4 million uniques will create a distance matrix too large to cluster. Here are some cluster memory stats, http://www.mothur.org/wiki/Cluster_stats. I think you are limited to phylotype based analysis.

To follow up on Sarah’s comment, I think the problem has everything to do with using GAII and short reads that do not fully overlap. If you look at our Kozich et al. paper in AEM, we show that the sequences have to fully overlap to reduce the error rate.
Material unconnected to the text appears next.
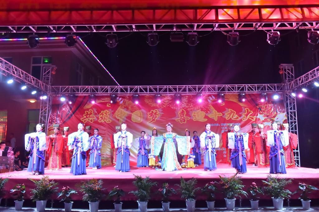 晚会在一支青春洋溢的《尽显青春》啦啦操中拉开序幕,节目更是精彩不断,有古典舞、街舞,也有印度舞;有演唱,也有诗歌朗诵。晚会间隙还开展了党建、扶贫、物业知识问答。表演者既有我院师生,也有大寨街道办的居民。整台晚会现场欢歌笑语,掌声不断,吸引了300多名群众到场观看,大家一起载歌载舞,喜迎十九大的召开。晚会充分展示了我院素质教育的成果, 展示了职业教育的特色与魅力。

Like she indicated, doing an OTU-based analysis may be computationally out of reach.

westcott, thanks.
Has any other way to decrease the unique sequences?
-------------when
make.contigs done, generated 160,000,000 sequences. stability.trim.contigs.fasta
screen.seqs done, generated 130,000,000 sequences. stability.trim.contigs.good.summary
unique.seqs done, generated 17,382,705 sequences. stability.trim.contigs.good.unique.fasta
align.seqs and screen.seqs done, generated 13,945,444 sequences. stability.trim.contigs.good.unique.good.align
pre.cluster (diffs=2) done, generated 7,348,122 sequences. stability.trim.contigs.good.unique.good.filter.unique.precluster.fasta
chimera.uchime, remove.seqs classify.seqs, and remove.lineage done, generated 3,902,627 sequences. stability.trim.contigs.good.unique.good.filter.unique.precluster.pick.pick.fasta
There’re still too large!!
And when I check stability.trim.contigs.good.unique.good.filter.unique.precluster.pick.pick.summary , I find large number of unique sequences have only 1 of “numSeqs”, can I delete them?

Thanks pschloss,
I have read your paper (AEM, 2013, Miseq data) before, nice paper and I have used your pipline in my lab. :smiley:
I used 2x150bp for V3 region and at least 80-120bp overlap.